Accordingly, having failed to make such an offer, DOE must, pursuant to Education Law §2853(3)(e)(5), pay petitioner commencing with the 2017-2018 school year, and in each remaining year of the school’s current charter term and any subsequent renewal term, provided that, in any such renewal term, the charter school serves the grades encompassed by the charter referenced herein, rental assistance based on student enrollment in the newly-added grades 6 through 8 for which it has been approved to provide instruction.[5]  Specifically, with respect to an existing charter school whose expansion of grade level is approved by its charter entity, “if the appeal results in a determination in favor of the charter school, the city school district shall pay the charter school an amount attributable to the grade level expansion” that is calculated in accordance with the formula set forth in Education Law §2853(3)(e)(5).

Therefore, DOE must pay petitioner for the school’s newly-added grades 6 through 8, commencing in the 2017-2018 school year, and in each remaining year of the school’s current charter term and any subsequent renewal term, provided that, in any such renewal term, the charter school serves the grades encompassed by the charter referenced herein, an amount attributable to its middle school expansion that is calculated in accordance with the formula set forth in Education Law §2853(3)(e)(5).
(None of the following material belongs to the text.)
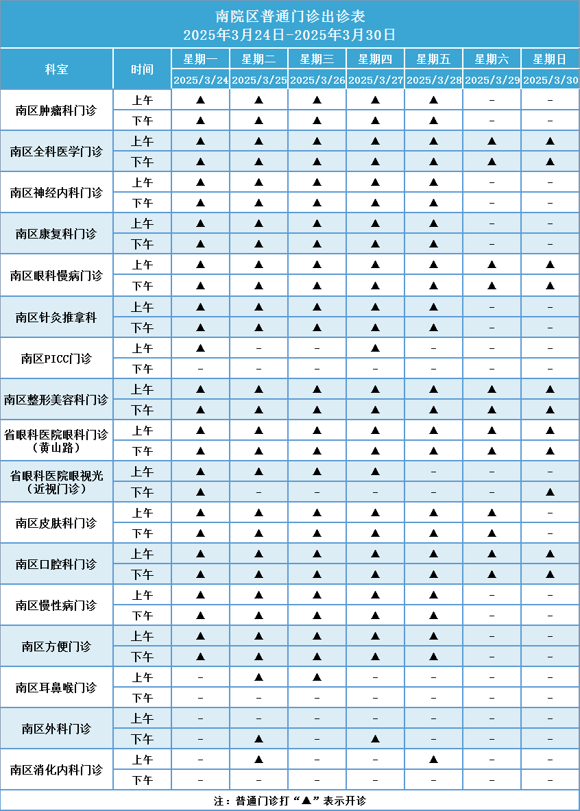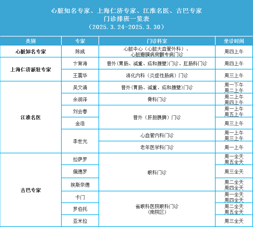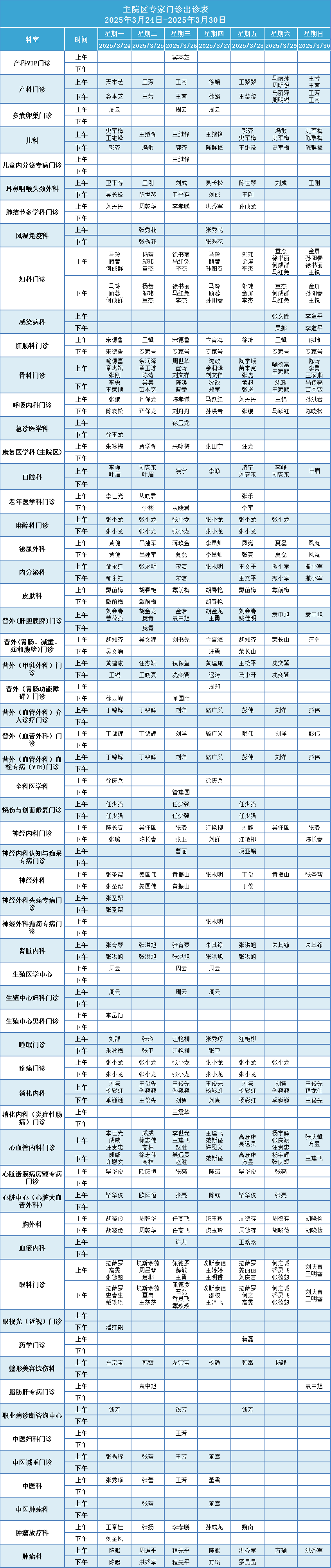 安徽省第二人民医院门诊一周排班表(2025年3月24日-2025年3月30日)

In this instance, petitioner also has not been afforded the opportunity to select an alternative privately-owned site for the school and respondent must afford petitioner an opportunity to do so.  Petitioner must present DOE with evidence of the actual rental cost of an alternative privately-owned site so that DOE can determine whether such rental cost is less than the amount computed pursuant to Education Law §2853(3)(e)(5)(B).
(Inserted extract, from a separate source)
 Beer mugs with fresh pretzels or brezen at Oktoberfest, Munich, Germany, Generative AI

Nothing herein should be construed to prevent respondent from offering petitioner co-location space for the school in the future.

THE APPEAL IS SUSTAINED.

IT IS ORDERED that respondent comply with the requirements of Education Law §2853(3)(e)(5) in accordance with this decision and pay petitioner for the school’s middle school expansion commencing with the 2017-2018 school year, and for each remaining year of the current charter term and for any subsequent renewal term provided that, in any such renewal term, the charter school serves the grades encompassed by the charter referenced herein, an amount attributable to the grade-level expansion that is calculated in accordance with the formula set forth in Education Law §2853(3)(e)(5).

END OF FILE

 

[1] In addition to operating FLACS II, petitioner operates two other charter schools, Family Life Academy Charter School and Family Life Academy Charter School III.

 

[2] FLACS II currently serves students in kindergarten through grade 5 in private space.  Petitioner previously appealed DOE’s failure to respond to its request for co-location space for the school’s expansion to grades 3 through 5.  On June 23, 2015, a decision was issued ordering DOE to comply with the requirements of Education Law §2853(3)(e)(5) with respect to such expansion (see Appeal of Family Life Academy Charter Schools, 54 Ed Dept Rep, Decision No. 16,777).

 

[3] In her affidavit, petitioner’s chief executive officer indicated that without an offer of space from DOE, petitioner will incur rental costs and expenses for the school.

 

[4] Effective July 1, 2017, Education Law §2853(3)(e)(5) has been amended to increase the percentage in the rental assistance formula from 20 percent to 30 percent.

 

[5] To be eligible for an apportionment pursuant to Education Law §3602(6-g) where the charter school has prevailed in an appeal to the Commissioner pursuant to Education Law §2853(3)(e), DOE must document all expenses incurred pursuant to Education Law §2853(3)(e)(5) for each such charter school for the term of the charter indicated in the Commissioner’s decision, including any renewals pursuant to Education Law §2851(4), provided that the charter school serves the grades encompassed by the charter that was the subject of the Commissioner’s decision (see New York State Education Department, Update on Facilities Assistance Guidance for NYC Charter Schools, dated November 3, 2016).